Сказка о легкомысленной блохе и её житейских огорчениях (Амфитеатров)/ДО

Сказка о легкомысленной блохѣ и ея житейскихъ огорченіяхъ : Посвящается коллегамъ газетной страды
авторъ Александръ Валентиновичъ Амфитеатровъ
Дата созданія: 1901. Источникъ: Амфитеатровъ А. В. Легенды публициста. — СПб.: Товарищество «Общественная польза», 1905. — С. 141.

Motto: Viribus unitis res parvae… dilabuntur![1]

Жила-была Блоха. И была она легкомысленна. По крайней мѣрѣ, такъ аттестовали ее другія кусательныя насѣкомыя. Въ томъ числѣ и свои сестры-блохи:

— Легкомысленная блоха! Безпринципная блоха!

А Иванъ Ивановичъ Клопъ добавлялъ басомъ изъ щели:

— Жаль мнѣ Блоху. Пропадетъ Блоха ни за понюхъ таба́ки. Жаль. И талантъ ей кусательный отпущенъ отъ природы, и прыткость изрядная: на сто корпусовъ выше самой себя скачетъ.

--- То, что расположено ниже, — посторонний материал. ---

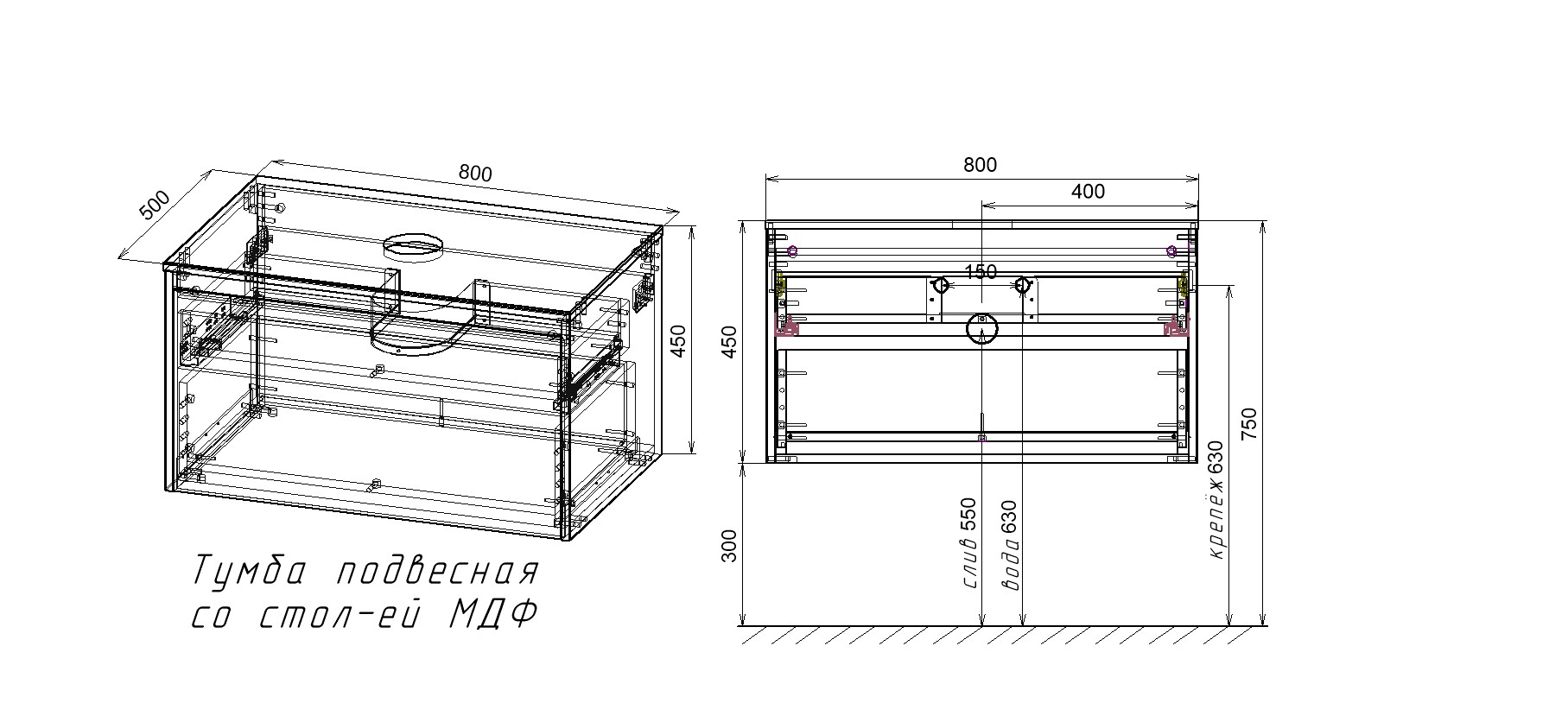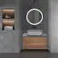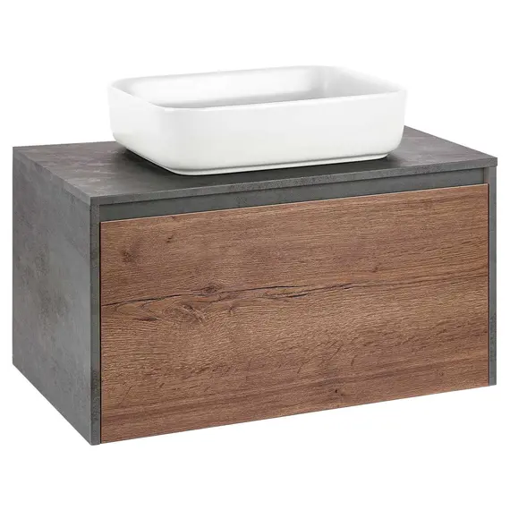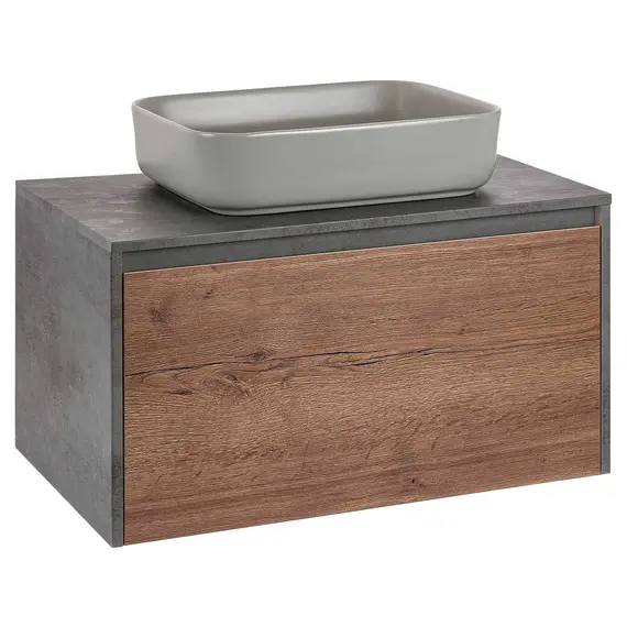 База под накладную раковину Меза (Mesa) 800 подвесная, 1 выкатной/1 скрытый ящик микролифт, Дуб табак (T.Oak) + Beton

И по бѣлому свѣту Блоха попрыгала: образованная! Видывала людей всякой кожи и крови, — а вотъ глубины мысли, да традицій, да принциповъ ей Богъ не далъ.

Кусательныя насѣкомыя почтительно выслушивали умныя рѣчи Клопа, а наиболѣе юныя и любознательныя вопрошали:

— Иванъ Ивановичъ! Какія, собственно, суть блошиныя традиціи, и чѣмъ эта недостойная Блоха имъ измѣняетъ?

Иванъ Ивановичъ отвѣчалъ:

— Въ томъ, судари мои, заключается легкомысліе ея и недостойность, что куслива-то она весьма, да не по расписанію кусаетъ. А насѣкомое солидное должно кусаться съ основательностью, соблюдая строгую вѣрность программѣ.

— А что такое программа, Иванъ Ивановичъ? — любопытствовали насѣкомыя. Онъ объяснялъ:

— Программа, друзья, есть слово иностранное, и значитъ оно по-русски — умѣренность и аккуратность. Золотыя, сударики мои, качества! Кто ими проникнутъ и напитанъ, тотъ, можно сказать, всю книгу жизни насквозь постигъ и весь вѣкъ до конца дней своихъ безбѣдно въ родимой щели прожуируетъ[2].

— А вы, Иванъ Ивановичъ, вы? Вы умѣренны и аккуратны?

— Я? Господи Ты Боже мой! Да какъ же мнѣ умѣреннымъ и аккуратнымъ не быть, коли я всю молодость свою у самого Алексѣя Степановича Молчалина въ турецкомъ диванѣ прожилъ? Хе-хе-хе! Лиза, горничная, меня изъ кухни — вотъ этакаго — на лифчикѣ занесла, да въ амурныхъ попыхахъ на диванѣ и оставила. Почтенный человѣкъ былъ Алексѣй Степановичъ, мужъ совѣта, добродѣтельный. Сосешь, бывало, кровь изъ него, такъ и чувствуешь, какъ въ тебя программа переливается. Мудрый-съ!

— Но вѣдь вы-то, Иванъ Ивановичъ, все-таки, либералъ?

— Либералъ-съ. А на счетъ чужой кожи даже большой либералъ. Да вѣдь что же? Либерализмъ, сударики, не грѣхъ, а грѣшны лишь неумѣлыя проявленія либерализма. А ежели кто, какъ я, отъ самого Алексѣя Степановича программу всосалъ, такъ тому и либерализмъ — сполагоря. Даже въ пользу! Потому — такой клопъ ко всѣмъ оборотамъ жизни заранѣе пріуготовленъ. Знаетъ, когда слиберальничать, знаетъ, когда начальству угодить. А вотъ Блоха-съ въ молчалинскомъ диванѣ не жила, — оттого она принциповъ къ жизни и не имѣетъ.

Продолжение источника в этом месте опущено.